Abstract：Objective: To investigate the impacts of long non-coding RNA (LncRNA) nuclear-enriched abundant transeript 1 (NEAT1) on high glucose (HG) induced apoptosis and migration of human retinal endothelial cells (RMECs) through targeted regulation of microRNA-125b-5p (miR-125b-5p). Methods: RMECs were assigned into Control group (normal culture), HG group (30mmol/L glucose induction for 24 hours), sh-NC group (HG+transfection of sh-NC), sh-NEAT1 group (HG+transfection of sh-NEAT1), sh-NEAT1+inhibitor-NC group (HG+transfection of sh-NEAT1+inhibitor-NC), and sh-NEAT1+miR-125b-5p inhibitor group (HG+transfection of sh-NEAT1+miR-125b-5p inhibitor). QRT-PCR was used to detect the expression of LncRNA NEAT1 and miR-125b-5p of RMECs in each group. MTT assay, scratch assay, and flow cytometry were used to detect the proliferation, migration, and apoptosis of RMECs, respectively. ELISA method was used to detect the expression of TNF - α, IL-6, and IL-8 in the supernatant of RMEC. Western blot was used to detect the expression of MMP-9 and Cleaved Caspase-3 proteins in RMECs. Results: The LncRNA NEAT1, apoptosis rate, TNF - α, IL-6, IL-8, and Cleaved Caspase-3 in HG group were higher than those in Control group, while miR-125b-5p, A490 value, scratch healing rate, and MMP-9 were lower (P<0.05). The LncRNA NEAT1, apoptosis rate, TNF - α, IL-6, IL-8, and Cleaved Caspase-3 in sh-NEAT1 group were lower than those in HG and sh-NC groups, while miR-125b-5p, A490 value, scratch healing rate, and MMP-9 were higher (P<0.05). The apoptosis rate, TNF-α, IL-6, IL-8, and Cleaved Caspase-3 in sh-NEAT1+miR-125b-5p inhibitor group were higher than those in sh-NEAT1 group and sh-NEAT1+inhibitor-NC group, while miR-125b-5p, A490 value, scratch healing rate, and MMP-9 were lower (P<0.05). LncRNA NEAT1 could target negative regulation of miR-125b-5p. Conclusion: Silencing LncRNA NEAT1 can promote the proliferation and migration of RMECs, inhibit cell apoptosis, and it may be achieved by targeted regulation of miR-125b-5p.

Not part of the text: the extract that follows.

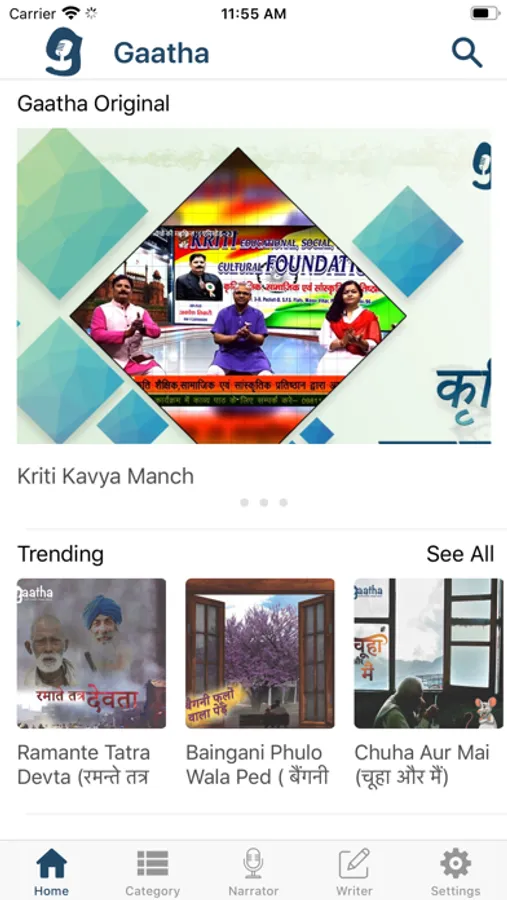 Gaatha - an audio platform to enjoy various genres of Indian literature in various sections of stories, poetries, kid's stories, spiritual, motivational stories in a uniquely engaging and interesting way.

Key words： Long non-coding RNA Nuclear-enriched abundant transeript 1 MicroRNA-125b-5p Human retinal endothelial cells Apoptosis Migration

基金资助:湖北省中医药管理局指导性项目,(编号:ZY2023F008)

通讯作者: 张劲

引用本文:

蔡成航, 张劲. LncRNA NEAT1靶向调控miR-125b-5p对高糖诱导人视网膜血管内皮细胞凋亡迁移的影响[J]. 河北医学, 2025, 31(9): 1487-1493.
CAI Chenghang, ZHANG Jin. Impacts of LncRNA NEAT1 on High Glucose Induced Apoptosis and Migration of Human Retinal Endothelial Cells through Targeted Regulation of Mir-125b-5p. HeBei Med, 2025, 31(9): 1487-1493.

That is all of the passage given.